The rest of the article is organized as follows. Section Background provides an overview of the UAV-based inspection phases, the AI models that are used for the inspection as well as an introduction to FL. Section Methodology provides an overview of the UAV-based inspection approach using the FL method and the automation mechanisms for the interaction between the MEC platform of each edge node and PPC’s operation center. In section Autonomous UAV inspection using federated learning the methodology is applied in PPC’s Innovation Hub and experiments are conducted to demonstrate FL benefits in comparison with a centralized AI method for electrical infrastructure inspection.
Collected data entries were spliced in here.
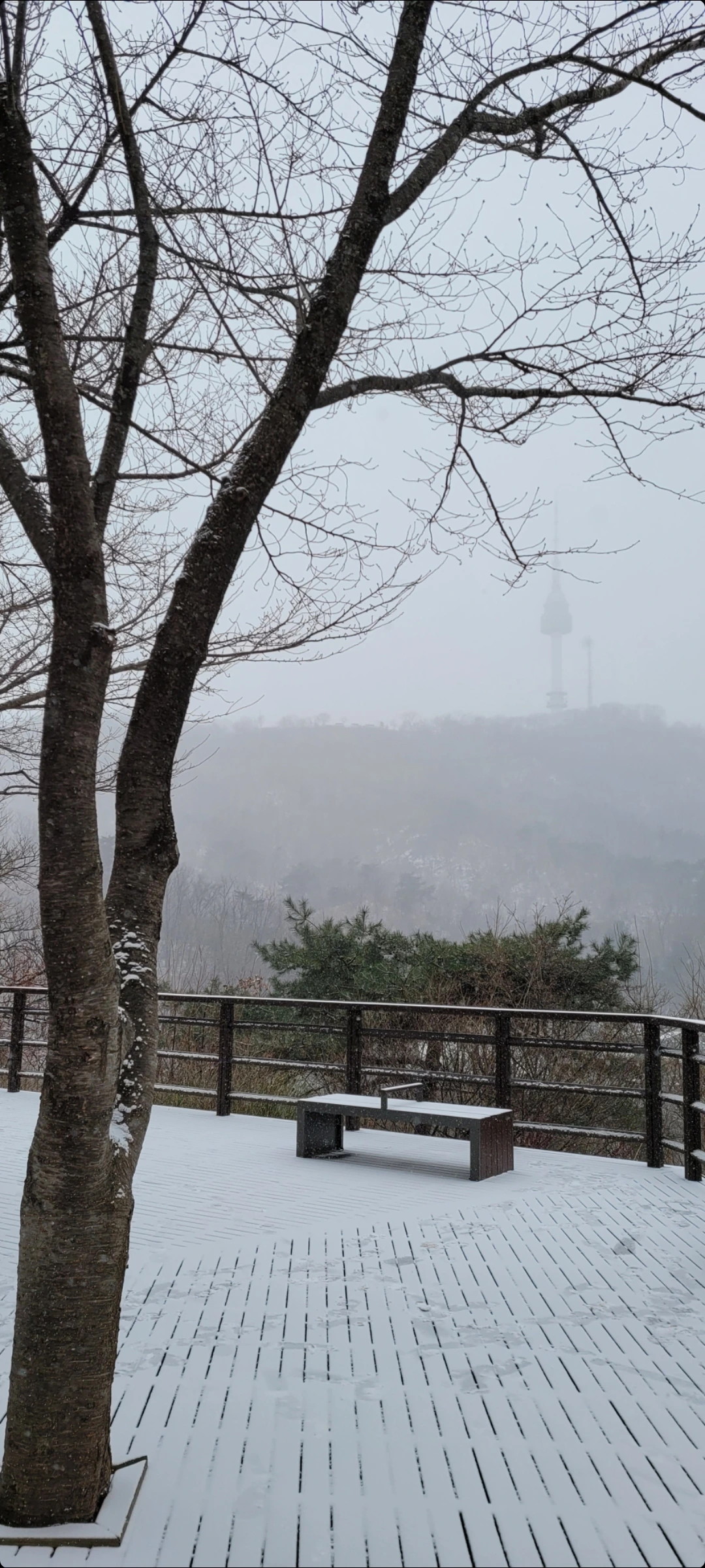 사람이 있거나 없거나 상관없이 그 자리에 있는 남산 커피 트럭. 사람이 한 명도 없는 모습을 생전 처음 본 남산 팔각정. 남산에서 바라본 관악산 정상의 불꽃 모양 봉우리. 늘 바라보며 미세먼지 정도를 측정하던 인왕산, 북악산, 북한산, 도봉산, 수락산의 능선이 보이던 북쪽 산책로 전망대. 그리고 늘 그 자리에 있다가 이맘때 되면 피어나 '개나리인가?'하고 착각하게 만드는 영춘화. 지금 막 개화를 장전하고 있는 목련. 산수유... 그리고 좀 천천히 깨어날 벚꽃, 푸른 녹음, 초록이 지쳐 들 단풍, 그 위에 살포시 내릴 눈....
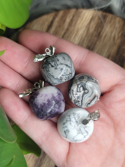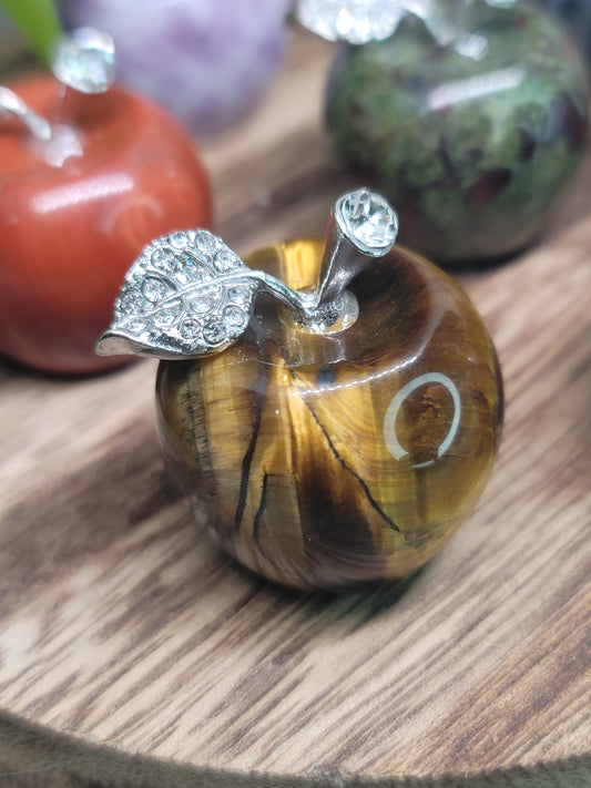 Mini Apple Crystal with Silver Leaf Charm: Symbol of Abundance and Wisdom
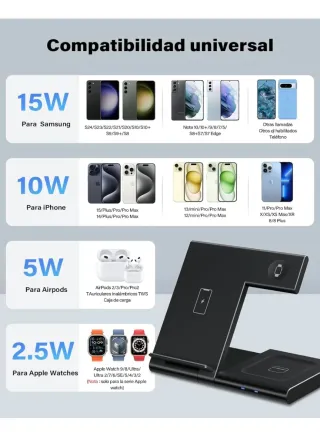 Base de carga inalámbrica 3 en 1 para dispositivos móviles y reloj. - Diseño elegante en color negro. - Carga rápida para tus dispositivos compatibles. - Incluye soporte para teléfono, reloj y base para auriculares. Este soporte de carga ultrarrápida es la solución perfecta para tu ecosistema Apple. Olvídate de los cables: carga simultáneamente tu iPhone (desde el 8 hasta el 16 Pro/Max), tu Apple Watch (Series 2 a 10/SE) y tus AirPods. Su diseño elegante y compacto lo hace ideal para tu mesita de noche u oficina
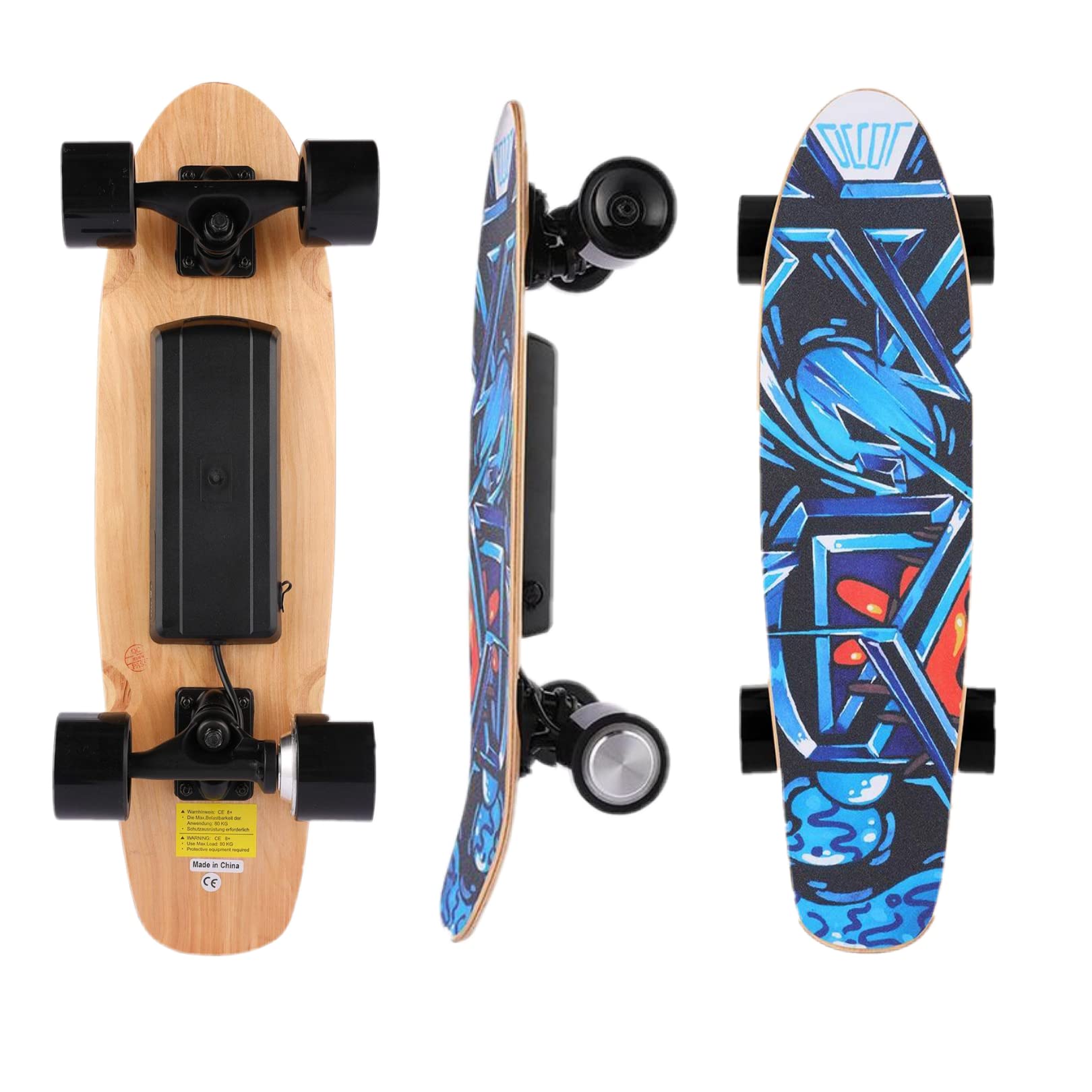 3 SPEED LEVELS - The skateboard with 350W motor has 3 speed modes for beginners or advanced skaters: Low(6.2mph), Medium(9.3mph) and High(12.4mph). It’s equipped with a 29.4V 2000mah Lithium Battery with a range to 6-8 miles, it can be fully charged within 2 hours. Safer than traditional skateboards, all speeds and brakes on the board can be easily controlled by remote control. Friendly to everyone! TIPS: No matter which speed, please pay attention to wearing a helmet. We always care about your safety.

Finally, section Conclusion provides conclusions and perspectives for future work.

In this section we provide an overview of the proposed electricity infrastructure inspection method, an introduction to Long Short Term Memory (LSTM) networks (Yu et al. 2019) that are used for infrastructure asset and fault detection as well as a brief description of the FL approach.

UAV-based infrastructure inspection

The time-critical requirements of the UAV-based infrastructure are ensured through the use of Network Function Virtualization (NFV) technologies and specifically the establishment of a URLLC network slice between the UAVs, the edge nodes and a operation center facility. To form the URLLC slice the operation center also includes an NFV Management and Orchestration (MANO) (Mijumbi et al. 2016) Virtual Network Function (VNF) for lifecycle management and orchestration, 5GCN (3rd Generation Partnership Project 2019) and Radio Access Network (RAN) VNFs for data exchange as well as and User Plane Function (UPF) VNF for processing the user traffic. Additionally, the UAVs are also included in the network slice. In Fig. 1 illustrate the inspection method overview.
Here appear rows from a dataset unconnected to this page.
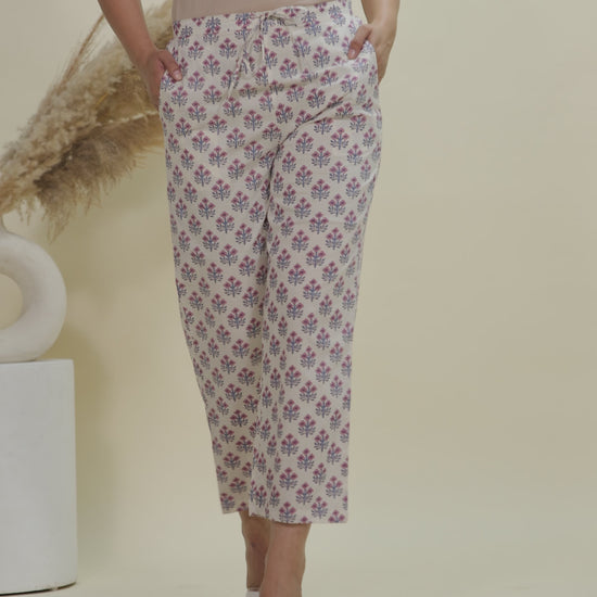 Soft Cotton Floral White Straight Trousers
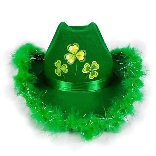 Cappello di San Patrizio - Cappello da cowboy portafortuna creativo in feltro Cappello da cowboy da donna per San Patrizio con motivo a trifoglio Trasformazione costume da festa per donna
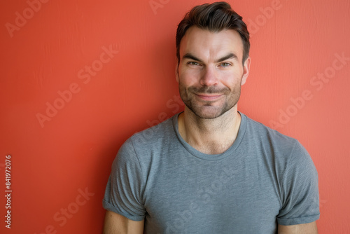 A close up portrait of a young man with a subtle smile
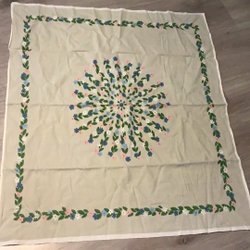 En vacker vintage duk i linne med ett intressant mönster. Perfekt för att duka bordet till speciella tillfällen eller för att ge en touch av vintage till din inredning.
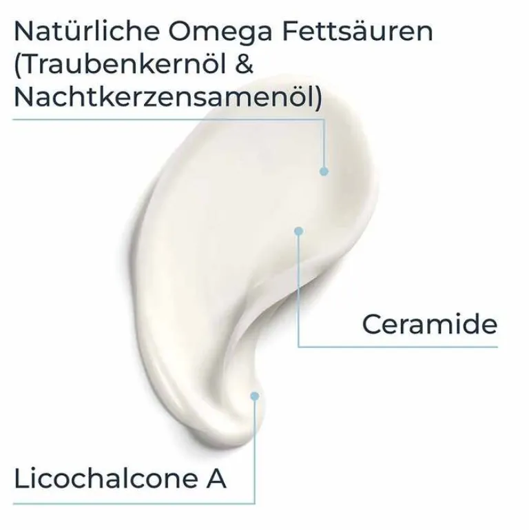 Die Hautcreme versorgt die Haut intensiv mit Feuchtigkeit, pflegt trockene Haut und sorgt für mehr Geschmeidigkeit. Die Formel mit pflegenden Inhaltsstoffen auf pflanzlicher Basis enthält hautberuhigendes Licochalcone A (Extrakt aus der Süßholzwurzel), natürliche Lipide wie Omega-Fettsäuren (Nachtkerzensamenöl, Traubenkernöl) und pflegende Sheabutter. Fehlende Lipide werden mit der Creme in der Hautbarriere ersetzt und sie hinterlässt ein intensives Pflegegefühl. Zudem wirkt die Body Lotion juckreizlindernd und kann so die Schlafqualität verbessern.
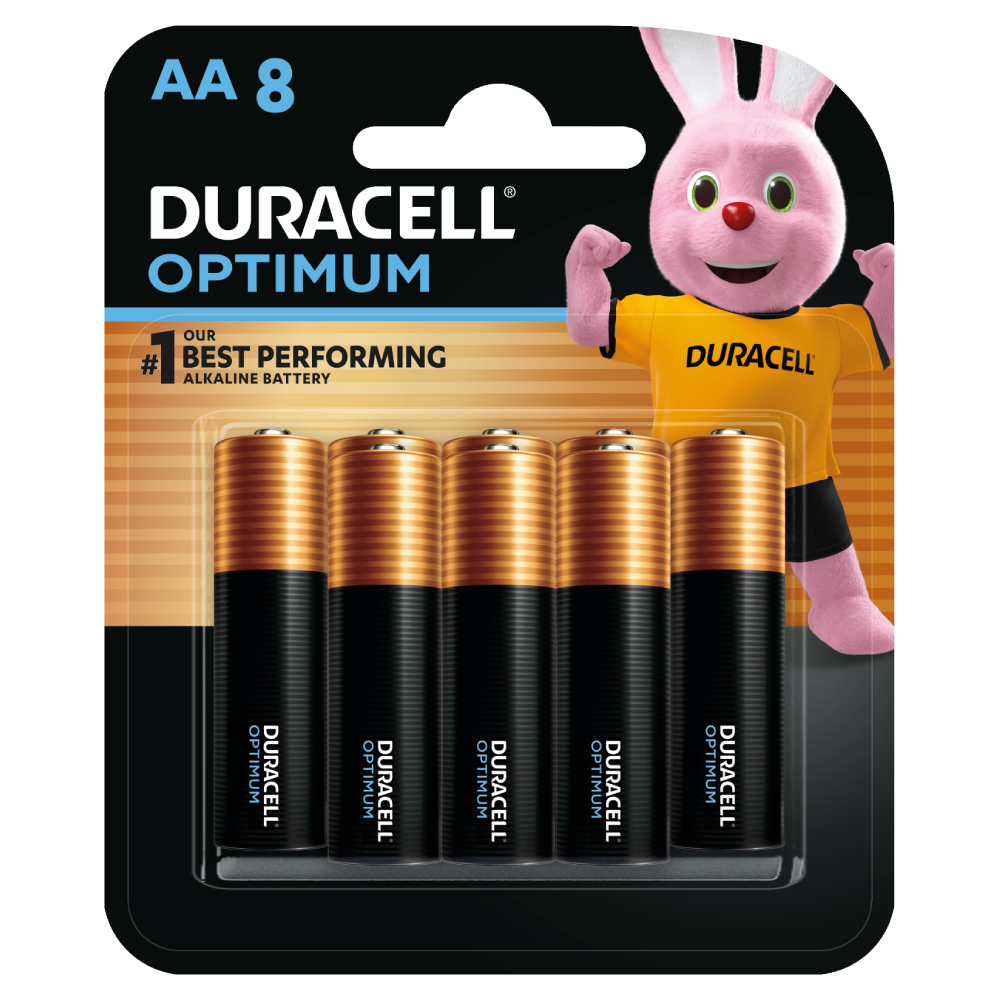 تتوفر بطاريات دوراسيل أوبتيموم في مقاسات AA وAAA.

Specifically, the UAVs are controlled by edge nodes, which are also used for interpreting and mapping in real-time the UAV location and flight plans. In the chosen architecture each edge node is considered as a Commercial-of-the-Self hardware platform that is configured with a MEP in fixed ground locations (i.e. base stations). Moreover, through the FL method (Section Methodology) the edge nodes forward the model configurations and parameters from the local model to update the global model in the operation center. Forwarding is based on cellular 5G connectivity and proper routing mechanisms applied from one edge node to another.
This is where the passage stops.